Walking around Cuenca’s El Centro offers a great education — and some entertainment too

Aug 24, 2019 | 0 comments

Walking the streets of Cuenca, you spend a lot of time looking up at the balconies.

By Deke Castleman

As Calvin Trillin wrote in a recent Condé Nast Traveler, colonial Cuenca “doesn’t look like a 16th-century city that has been preserved; it looks like a city that has been in use since the 16th century.” Trillin describes himself as an inveterate urban walker, taking great pleasure in strolling city streets, so it’s no accident that the journalist/essayist/novelist has been to Cuenca several times.

Most of time, it’s better to walk than drive.

Hoofing Old-Town Cuenca is a never-ending delight. El Centro is compact, perhaps 10 by 20 square blocks, so it has an intimate vibe, a human scale that’s immediately accessible to all the senses. You see lots of foreigners, tourists and expats, stopping and looking and pointing and nodding and smiling and marveling, because it’s all so exotic and stimulating and enchanting.

Don’t leave home without sturdy walking shoes. And you have to be careful where you put your feet. You navigate narrow centuries-old cobblestone streets and two-person-wide sidewalks; some buildings jut out over the walkways and crowd the street, barely a ledge between outside walls and clattering traffic. And watch out for the sudden, short, and steep driveways cut from the curbs every few yards, plus other ankle-twisting breaks and holes and irregularities.

The cathedral is a centering point for walkers.

Most of the architecture is historic: two- or three-story adobe-sided walkups, some with small balconies with wrought-iron bannisters and stone balustrades. The walls are whitewashed or pastel-painted and the roofs are distinctly red-tiled. An infinite variety of front doors and gates leads to hidden homes, many with large parking areas and colonial courtyards that merge inside and outside spaces.

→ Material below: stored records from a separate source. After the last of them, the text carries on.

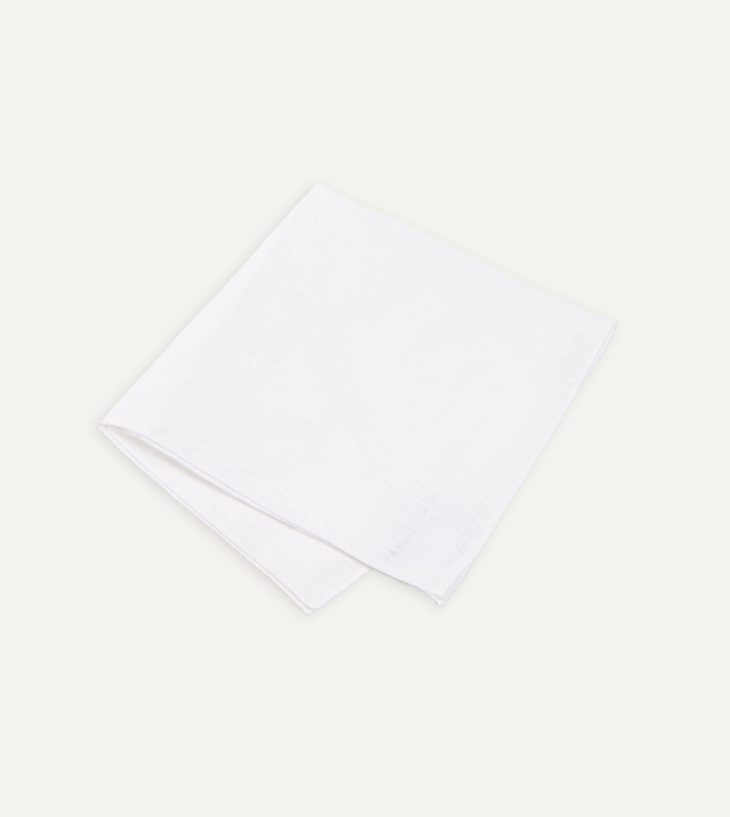 If you were to have just one pocket square in your drawer, this would be it. A plain white linen hank will add the finishing touch to any jacket you'd care to think of. This one has a tonal embroidered border for a little added interest.
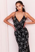 The Kaylen Dress swoons with a delicate beaded mesh fabric with gorgeous crystal bow embroidery studded with rhinestones all over. The soft fabric is chic yet comfortable with a figure-hugging silhouette and a lining on the inside. The straps are lined with rhinestones before descending to a sexy v-neckline.
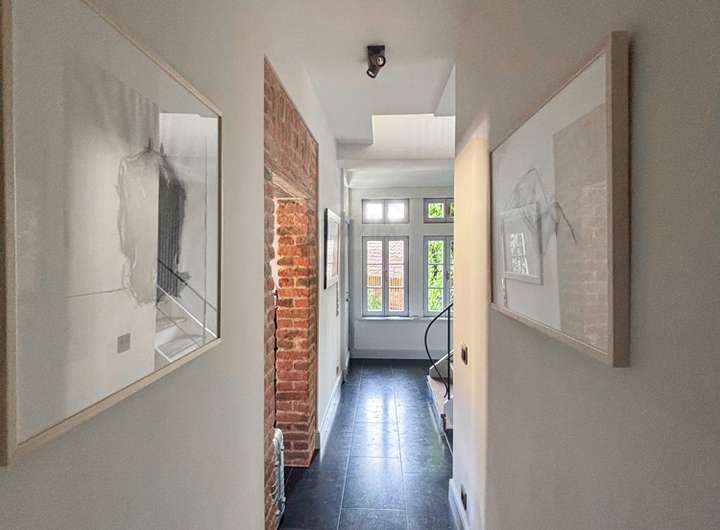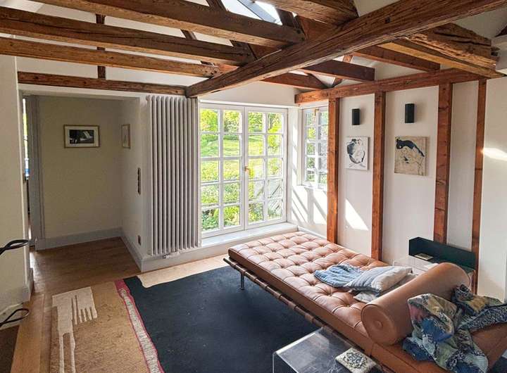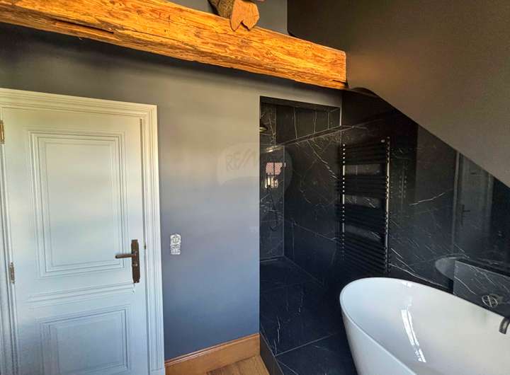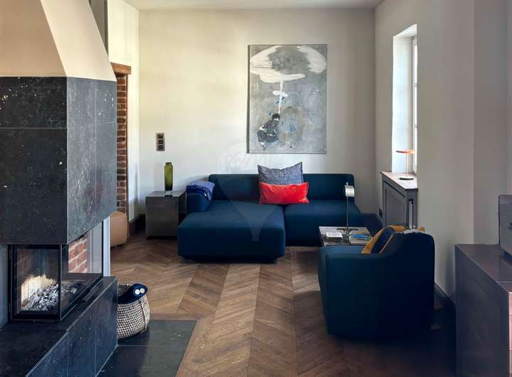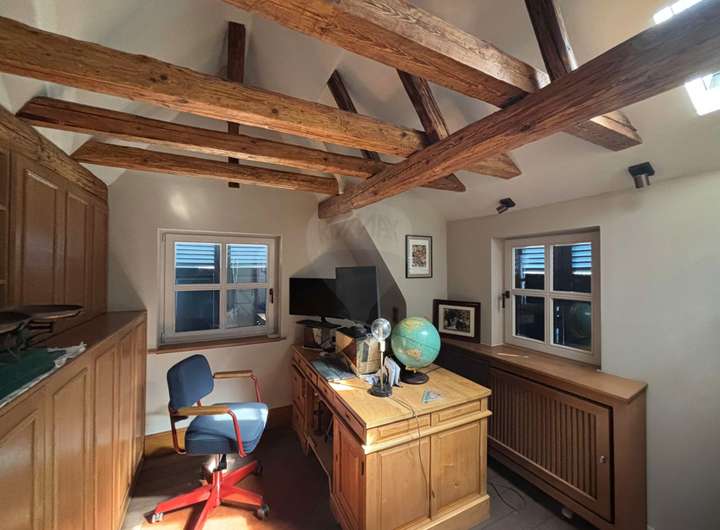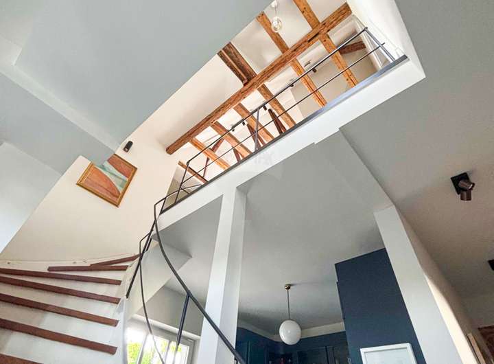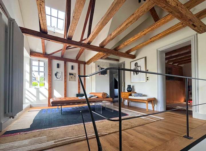 Im Inneren erwartet Sie eine gekonnte Symbiose aus Tradition und Moderne: freigelegte historische Balken, Sprossenfenster und ein Holzkamin schaffen Behaglichkeit, während hochwertige Materialien wie Eichenparkett und Kalksteinböden für zeitlose Eleganz sorgen. Die offene Galerie im Obergeschoss und die durchdachte Architektur schenken dem Haus Großzügigkeit und viel Licht.
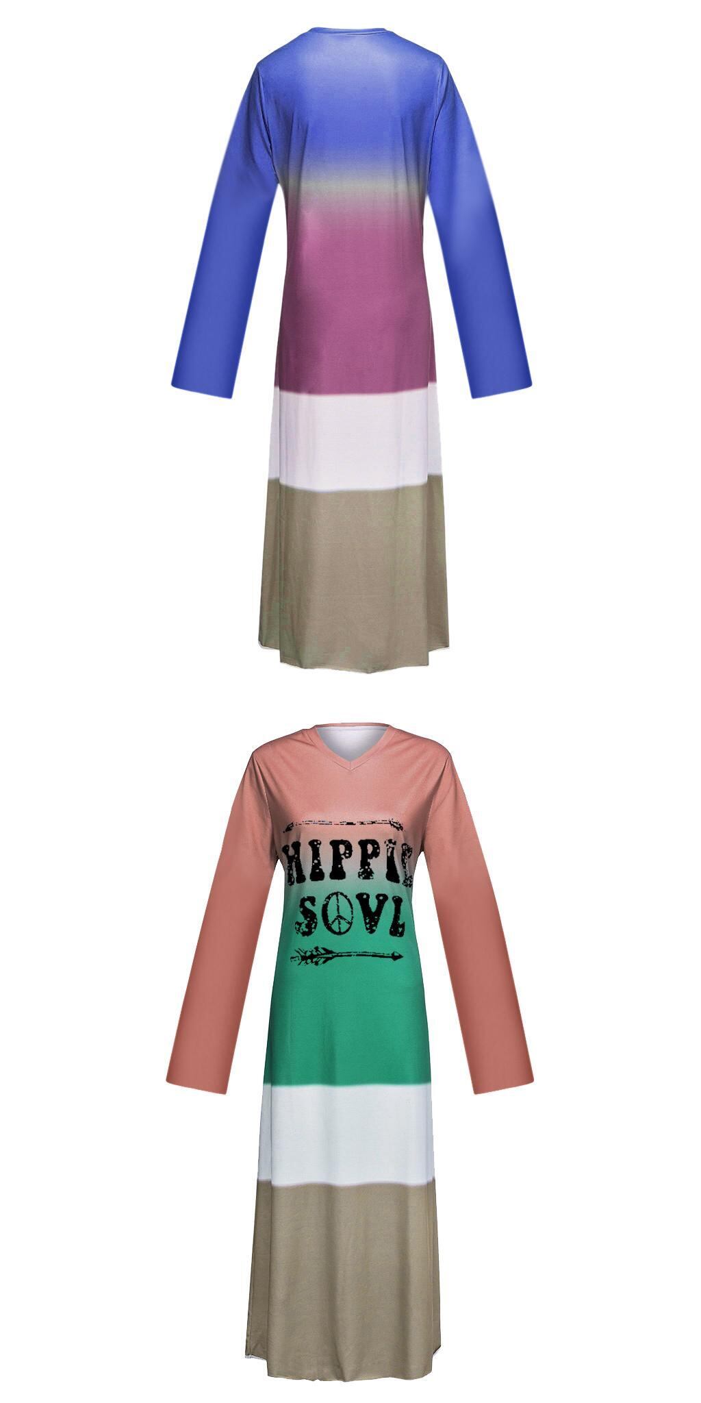 春、秋、冬のファッション新しいヨーロッパとアメリカのストリート婦人服AliExpressサブコードグラデーションカラーVネック長袖ロングドレス スプリング 春物 オータム 秋物 ウィンター 冬物 ヨーロピアン 6733098868295655

But mostly you pass family stores and shops, long and skinny enough to be secured at night and on Sundays by single-wide security gates. The variety is endless: Internet cabinas, tiendas, almuerzos, farmacias, hostals and hotels, peluquerias, papelerias, restaurantes, micro-mercados, dentistas, abogados, florerias, artisenias, panaderias, immobalarias, distribuidoras, and on and on.

Banks with armed guards in the doorways; department stores selling everything from memory chips to motorcycles; men’s and women’s and boys’ and girls’ regular wear, outerwear, underwear, formalwear; storefronts four feet wide and 20 feet long full of pots and pans, stainless-steel containers, Panama hats, barber chairs, fabric, produce, yogurt, and on and on.

Walking by the Rio Tomebamba is always relaxing.

And on the sidewalks, people sell lottery tickets, DVDs, plastic-bagged chifles (plantain chips), mandarins, strawberries, and mangos from wheelbarrows. Produce sellers squat against walls. Barbecue grills smoke up doorways and street corners dishing out everything from vegetable shish-kabobs to salchipapas (fat French fries and hot dogs).

I always carry a map, but try not to navigate by. Rather, I memorize the street names, using mnemonics to order them west to east, north to south, starting with the four main streets that border Parque Calderon and five or ten streets radiating out from them in all directions.

I also carry my trusty 1995 microcassette recorder. I often talk into it on the street, figuring that, at best, I look like a writer about town, taking verbal notes, recording memos to myself on all the different fascinating, frustrating, curious, enlightening, annoying, amusing moments I experience, adding up to the wonder and joy and magic of living in a foreign land. At worst, I look like a nut, but I’m a happy one.